● **AIM OF THE EXERCISE**: Every record below must be copied exactly, with images dropped.
-- Opening Marker --
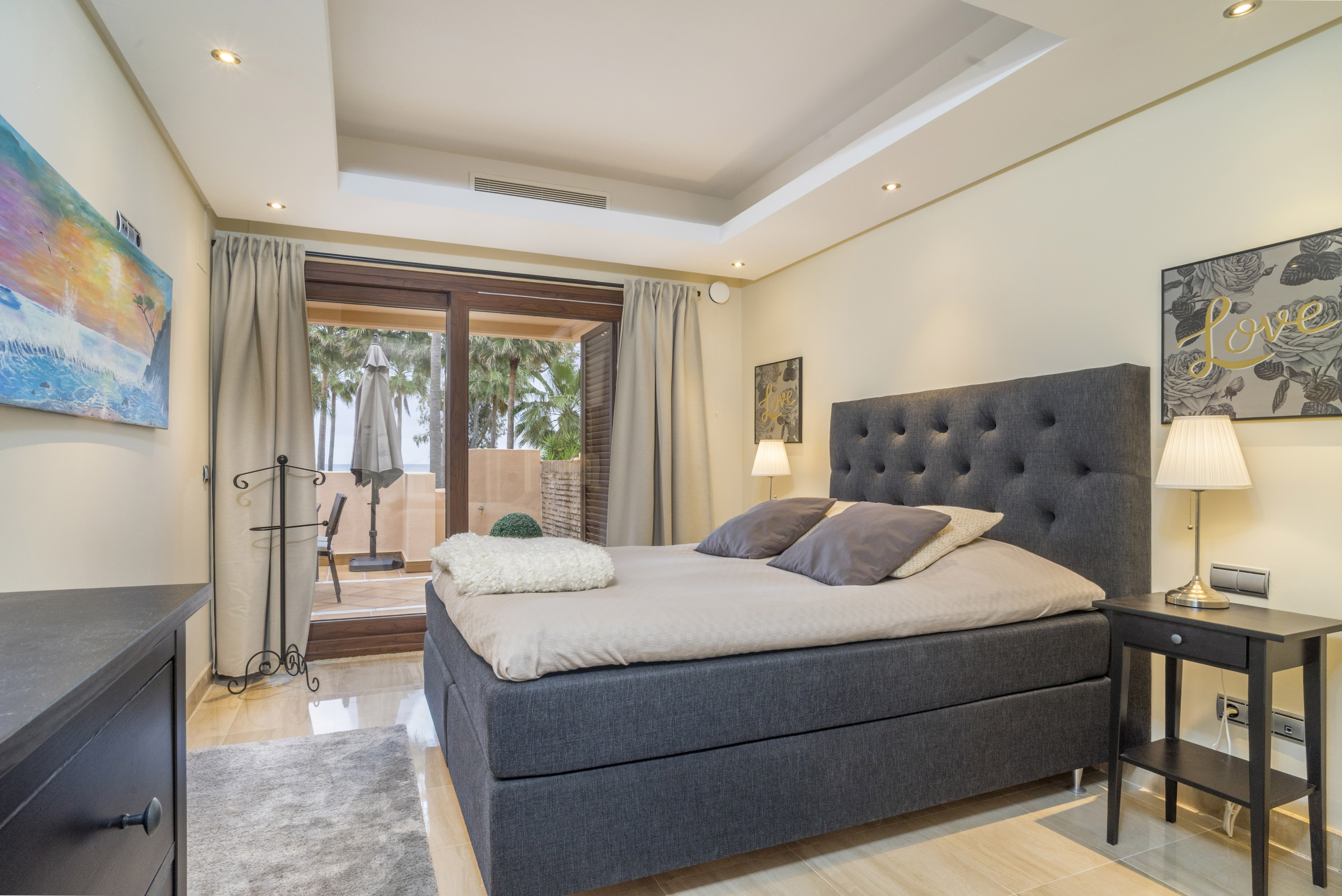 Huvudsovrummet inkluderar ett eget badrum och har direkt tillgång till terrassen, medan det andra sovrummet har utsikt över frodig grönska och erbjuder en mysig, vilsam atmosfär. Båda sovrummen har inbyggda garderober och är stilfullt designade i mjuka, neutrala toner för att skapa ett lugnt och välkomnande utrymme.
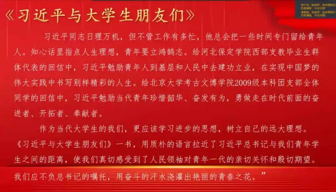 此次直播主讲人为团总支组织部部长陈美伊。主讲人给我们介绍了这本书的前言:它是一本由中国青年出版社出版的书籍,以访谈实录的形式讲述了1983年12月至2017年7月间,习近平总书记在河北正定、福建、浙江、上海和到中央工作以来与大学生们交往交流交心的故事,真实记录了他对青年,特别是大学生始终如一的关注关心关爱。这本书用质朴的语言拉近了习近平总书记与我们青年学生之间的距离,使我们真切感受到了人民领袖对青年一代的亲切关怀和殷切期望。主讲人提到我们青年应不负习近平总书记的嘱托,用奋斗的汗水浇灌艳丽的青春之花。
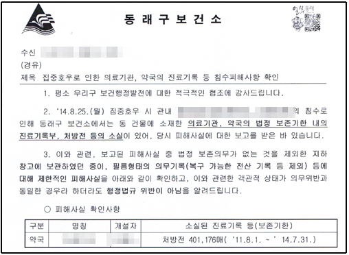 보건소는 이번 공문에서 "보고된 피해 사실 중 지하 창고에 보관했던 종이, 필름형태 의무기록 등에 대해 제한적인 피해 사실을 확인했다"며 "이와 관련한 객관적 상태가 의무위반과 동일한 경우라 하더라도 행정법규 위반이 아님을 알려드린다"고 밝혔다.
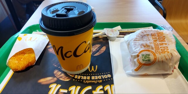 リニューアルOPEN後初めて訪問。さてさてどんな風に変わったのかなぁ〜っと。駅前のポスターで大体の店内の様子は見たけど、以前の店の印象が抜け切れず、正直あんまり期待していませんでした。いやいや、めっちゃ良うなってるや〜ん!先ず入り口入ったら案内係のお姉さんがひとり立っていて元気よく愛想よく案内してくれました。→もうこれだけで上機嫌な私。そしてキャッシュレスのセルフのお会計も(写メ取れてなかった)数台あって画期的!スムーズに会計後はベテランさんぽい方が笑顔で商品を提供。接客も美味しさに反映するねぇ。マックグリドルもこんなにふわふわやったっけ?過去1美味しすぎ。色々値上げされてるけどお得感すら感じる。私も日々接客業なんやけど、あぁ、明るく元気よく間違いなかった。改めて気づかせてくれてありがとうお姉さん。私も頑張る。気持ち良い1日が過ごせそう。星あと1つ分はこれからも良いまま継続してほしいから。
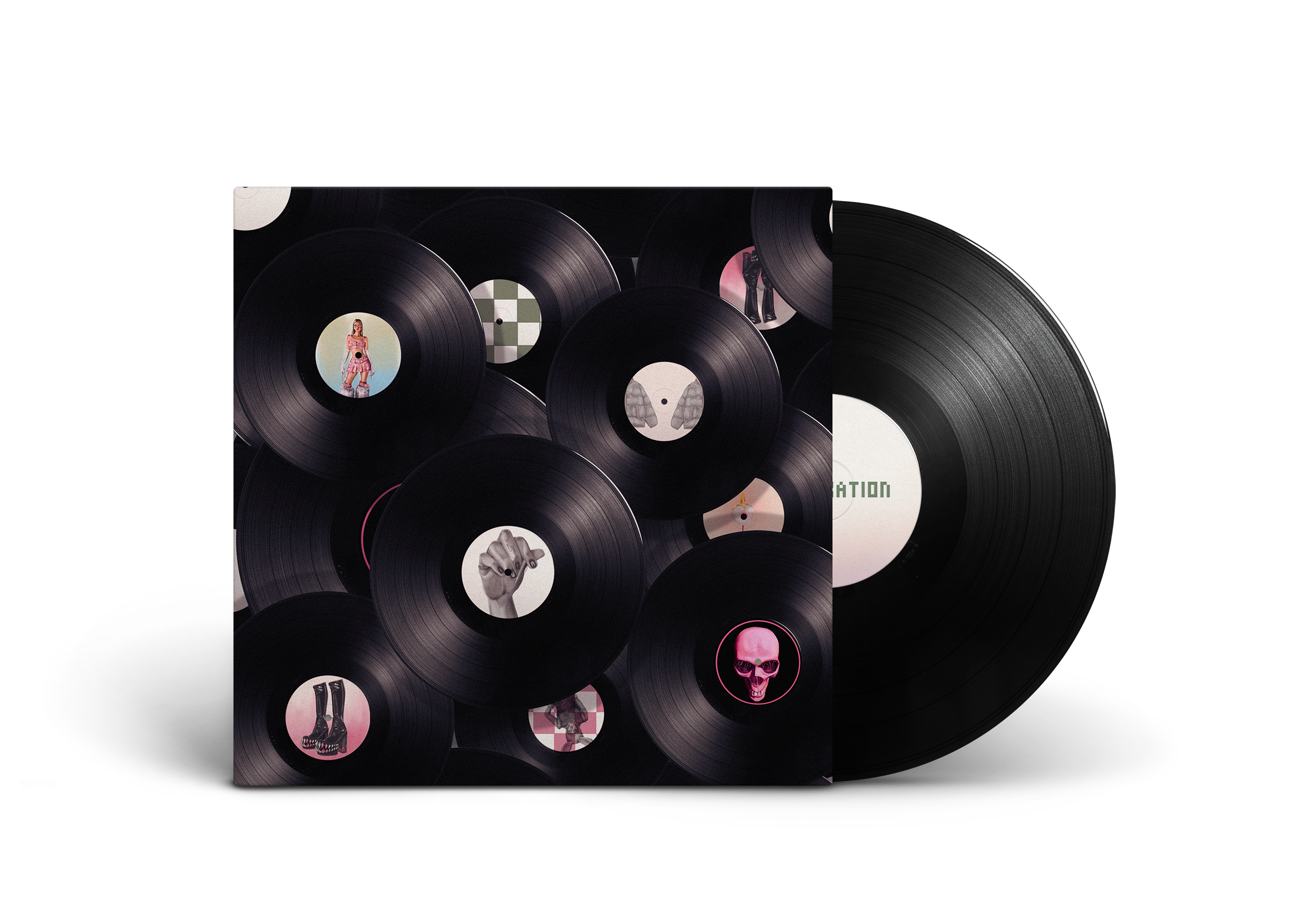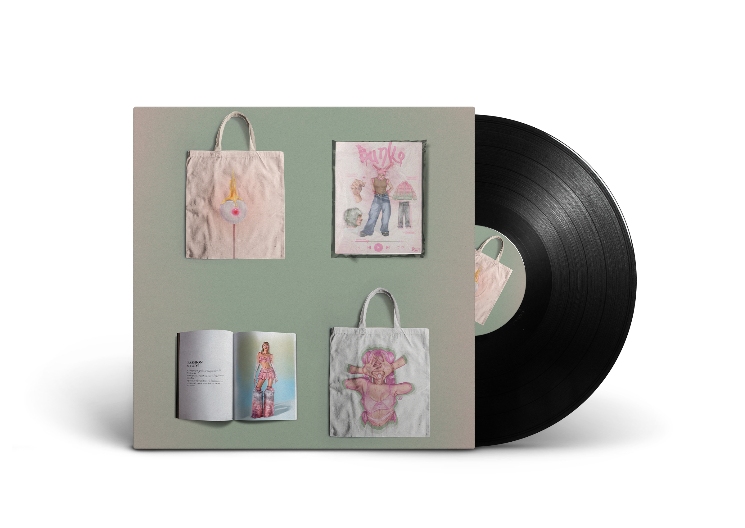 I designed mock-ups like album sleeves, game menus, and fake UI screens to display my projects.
-- Closing Marker --
● **ANSWER SECTION**:
 Huvudsovrummet inkluderar ett eget badrum och har direkt tillgång till terrassen, medan det andra sovrummet har utsikt över frodig grönska och erbjuder en mysig, vilsam atmosfär. Båda sovrummen har inbyggda garderober och är stilfullt designade i mjuka, neutrala toner för att skapa ett lugnt och välkomnande utrymme.
 此次直播主讲人为团总支组织部部长陈美伊。主讲人给我们介绍了这本书的前言:它是一本由中国青年出版社出版的书籍,以访谈实录的形式讲述了1983年12月至2017年7月间,习近平总书记在河北正定、福建、浙江、上海和到中央工作以来与大学生们交往交流交心的故事,真实记录了他对青年,特别是大学生始终如一的关注关心关爱。这本书用质朴的语言拉近了习近平总书记与我们青年学生之间的距离,使我们真切感受到了人民领袖对青年一代的亲切关怀和殷切期望。主讲人提到我们青年应不负习近平总书记的嘱托,用奋斗的汗水浇灌艳丽的青春之花。
 보건소는 이번 공문에서 "보고된 피해 사실 중 지하 창고에 보관했던 종이, 필름형태 의무기록 등에 대해 제한적인 피해 사실을 확인했다"며 "이와 관련한 객관적 상태가 의무위반과 동일한 경우라 하더라도 행정법규 위반이 아님을 알려드린다"고 밝혔다.
 リニューアルOPEN後初めて訪問。さてさてどんな風に変わったのかなぁ〜っと。駅前のポスターで大体の店内の様子は見たけど、以前の店の印象が抜け切れず、正直あんまり期待していませんでした。いやいや、めっちゃ良うなってるや〜ん!先ず入り口入ったら案内係のお姉さんがひとり立っていて元気よく愛想よく案内してくれました。→もうこれだけで上機嫌な私。そしてキャッシュレスのセルフのお会計も(写メ取れてなかった)数台あって画期的!スムーズに会計後はベテランさんぽい方が笑顔で商品を提供。接客も美味しさに反映するねぇ。マックグリドルもこんなにふわふわやったっけ?過去1美味しすぎ。色々値上げされてるけどお得感すら感じる。私も日々接客業なんやけど、あぁ、明るく元気よく間違いなかった。改めて気づかせてくれてありがとうお姉さん。私も頑張る。気持ち良い1日が過ごせそう。星あと1つ分はこれからも良いまま継続してほしいから。
 I designed mock-ups like album sleeves, game menus, and fake UI screens to display my projects.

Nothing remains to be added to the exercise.